Chapter 13 Bayesian Meta

您所在的位置：网站首页 › networkmeta › Chapter 13 Bayesian Meta

Chapter 13 Bayesian Meta

2024-02-13 03:43| 来源: 网络整理| 查看: 265

13 Bayesian Meta-Analysis

I n the last chapters, we have delved into somewhat more sophisticated extensions of meta-analysis, such as “multilevel” models (Chapter 10), meta-analytic structural equation modeling (Chapter 11), and network meta-analysis (Chapter 12). Now, we will take one step back and revisit “conventional” meta-analysis again–but this time from another angle. In this chapter, we deal with Bayesian meta-analysis.

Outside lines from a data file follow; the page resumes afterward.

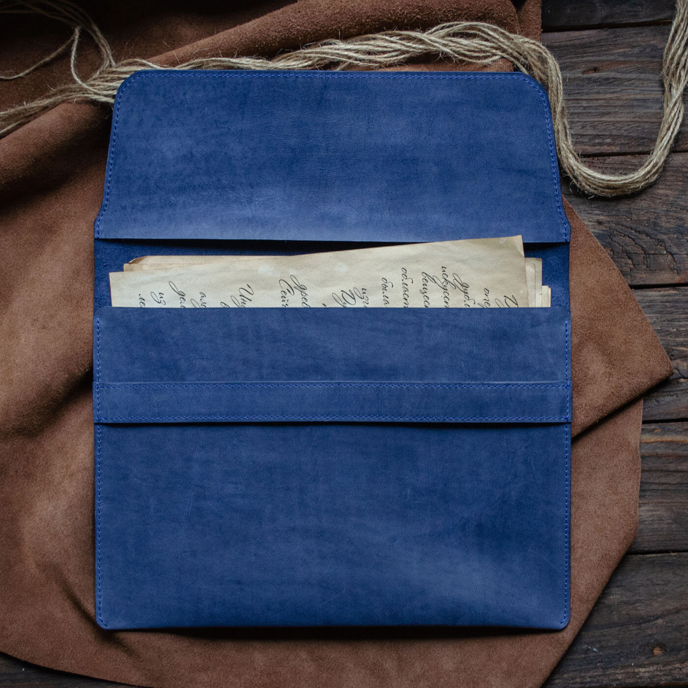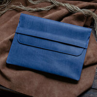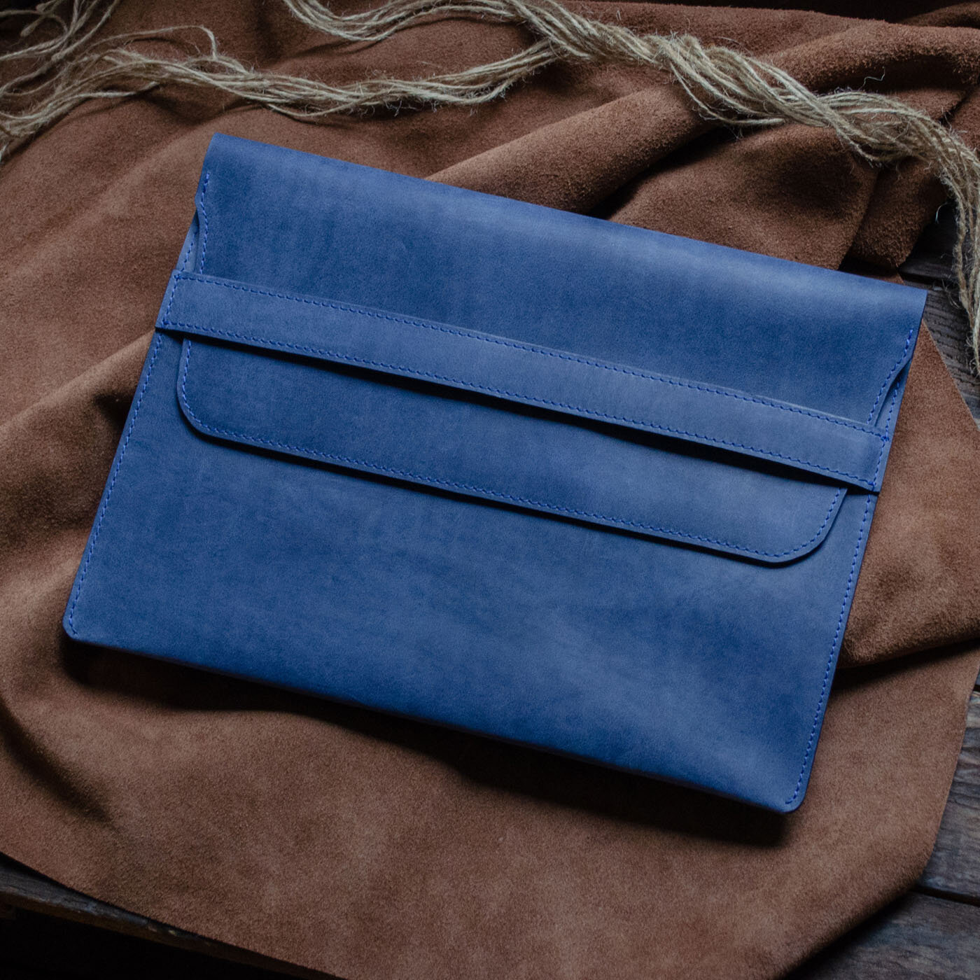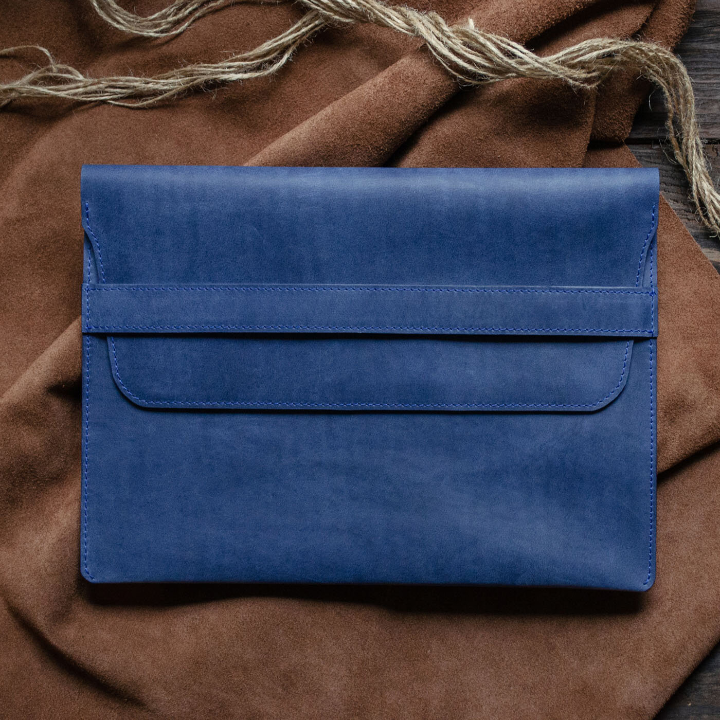 Купить Кожаный чехол для ноутбука 13 дюймов, цвет синий. Натуральная плотная кожа. На застежке с доставкой по всей России.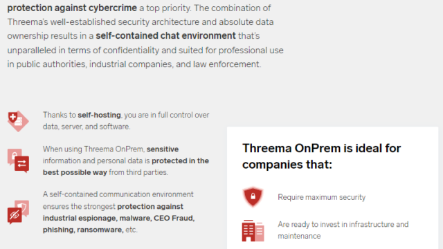 Threema OnPrem je řešení pro zasílání zpráv pro organizace, které berou soukromí a bezpečnost dat velmi vážně a pro které je ochrana před kybernetickou kriminalitou nejvyšší prioritou. Výsledkem kombinace dobře zavedené bezpečnostní architektury Threema a absolutního vlastnictví dat je samostatné chatovací prostředí, které je z hlediska důvěrnosti bezkonkurenční a vhodné pro profesionální použití v orgánech veřejné správy, průmyslových podnicích a orgánech činných v trestním řízení. – Threema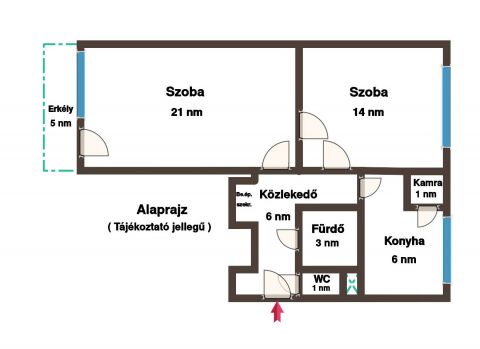- két szobát ( 21 és 14 nm)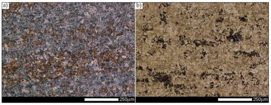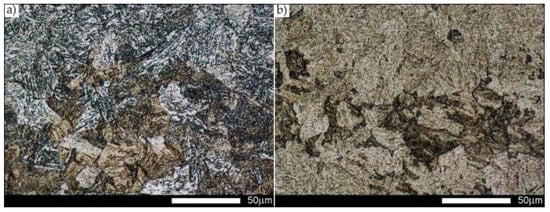 Hardox Extreme steel microstructure in normalized conditions. (a) Longitudinal orientation—hardness of 38 HRC. (b) Transverse orientation—hardness of 38 HRC. In both cases, quenched structures exhibit wide structural diversity with a great percentage of diffusion structures. Light microscopy, etched with 3% HNO3.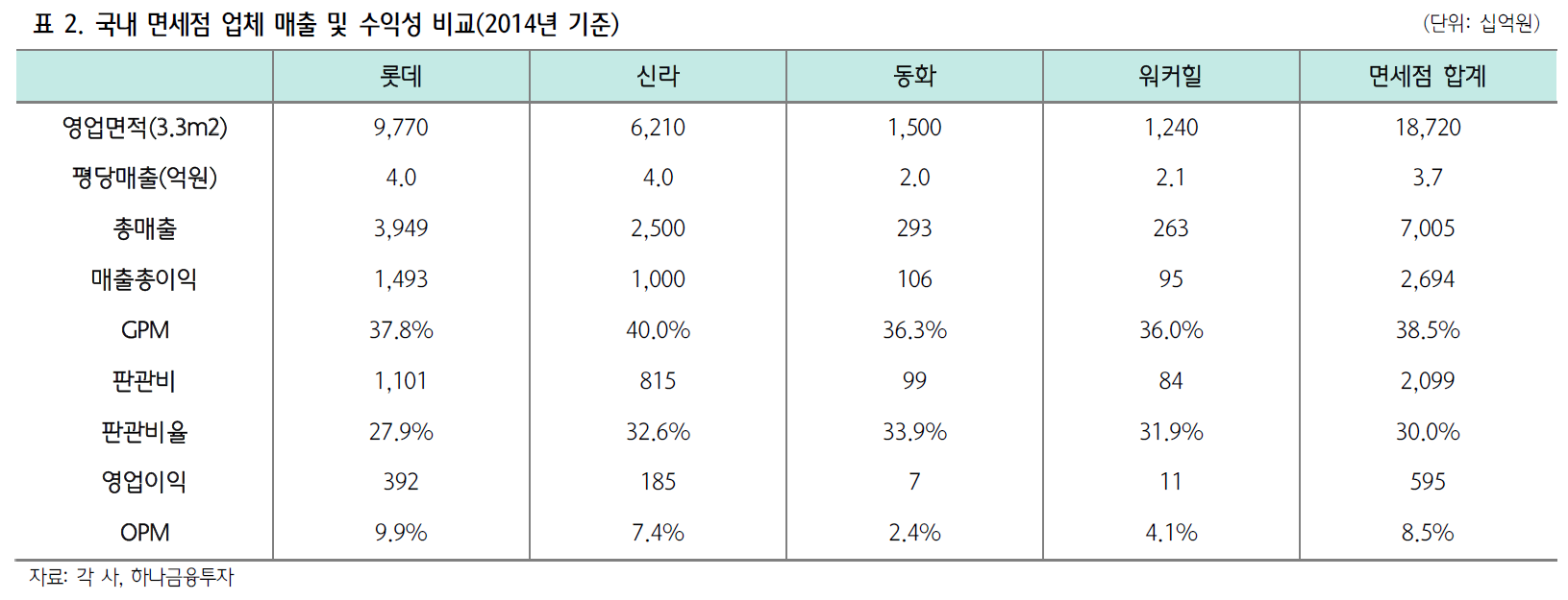 실제로 호텔롯데와 호텔신라는 단일 업체로 글로벌 화장품을 가장 대량으로 직매입하는 회사들이다. 따라서 면세점 시장을 제외하고 한국 화장품 시장을 논하기 어려워졌다. 아모레퍼시픽과 LG생활건강 등 메이저 화장품 업체들의 영업이익에서 면세점 채널이 차지하는 비중은 50%에서 100%에 이르기도 한다. 면세점 채널 전망은 이들 업체들의 실적 추정에 핵심요소다.

We already covered a Bayesian model in the last chapter on network meta-analysis. There, we discussed the main ideas behind Bayesian statistics, including Bayes’ theorem and the idea of prior distributions (see Chapter 12.3.1). In the present chapter, we build on this knowledge and try to get a more thorough understanding of the “Bayesian way” to do meta-analysis. When we set up our Bayesian network meta-analysis model, for example, the {gemtc} package specified the priors automatically for us. Here, we will do this ourselves.

While its background is slightly more involved, we will see that Bayesian meta-analysis essentially aims to do the same thing as any “conventional” meta-analysis: it pools observed effect sizes into one overall (true) effect. Using a Bayesian model, however, also comes with several practical advantages compared to frequentist approaches. This makes it worthwhile to learn how we can implement such models using R.

13.1 The Bayesian Hierarchical Model

To perform a Bayesian meta-analysis, we employ a so-called Bayesian hierarchical model (Röver 2017; Julian Higgins, Thompson, and Spiegelhalter 2009). We already briefly covered this type of model in the network meta-analysis chapter (Chapter 12.3.2).

In Chapter 10, we learned that every meta-analytic model comes with an inherent “multilevel”, and thus hierarchical, structure. On the first level, we have the individual participants. Data on this level usually reaches us in the form of calculated effect sizes $\hat\theta_k$ of each study $k$. We assume that participants are nested within studies on the second level and that the true effect sizes $\theta_k$ of different studies in our meta-analysis follow their own distribution. This distribution of true effects has a mean $\mu$ (the pooled “true” effect we want to estimate) and variance $\tau^2$, representing the between-study heterogeneity.

Let us try to formalize this. On the first level, we assume that the observed effect size $\hat\theta_k$ reported in study $k$ is an estimate of the “true” effect $\theta_k$ in this study. The observed effect $\hat\theta_k$ deviates from $\theta_k$ due to the sampling error $\epsilon_k$. This is because we assume that $\hat\theta_k$ was drawn (sampled) from the population underlying $k$. This population can be seen as a distribution with mean $\theta_k$, the “true” effect of the study, and a variance $\sigma^2$.

In the second step, we assume that the true effect sizes $\theta_k$ themselves are only samples of an overarching distribution of true effect sizes. The mean of this distribution $\mu$ is the pooled effect size we want to estimate. The study-specific true effects $\theta_k$ deviate from $\mu$ because the overarching distribution also has a variance $\tau^2$, signifying the between-study heterogeneity. Taken together, this gives these two equations:

\[\begin{align} \hat\theta_k &\sim \mathcal{N}(\theta_k,\sigma_k^2) \notag \\ \theta_k &\sim \mathcal{N}(\mu,\tau^2) \tag{13.1} \end{align}\]

Here, we use $\mathcal{N}$ to indicate that parameters to the left were sampled from a normal distribution. Some may argue that this is an unnecessarily strict assumption for the second equation (Julian Higgins, Thompson, and Spiegelhalter 2009), but the formulation as shown here is the one that is used most of the time. As covered before, the fixed-effect model is simply a special case of this model in which we assume that $\tau^2 = 0$, meaning that there is no between-study heterogeneity, and that all studies share one single true effect size (i.e. that for all studies $k$: $\theta_k = \mu$).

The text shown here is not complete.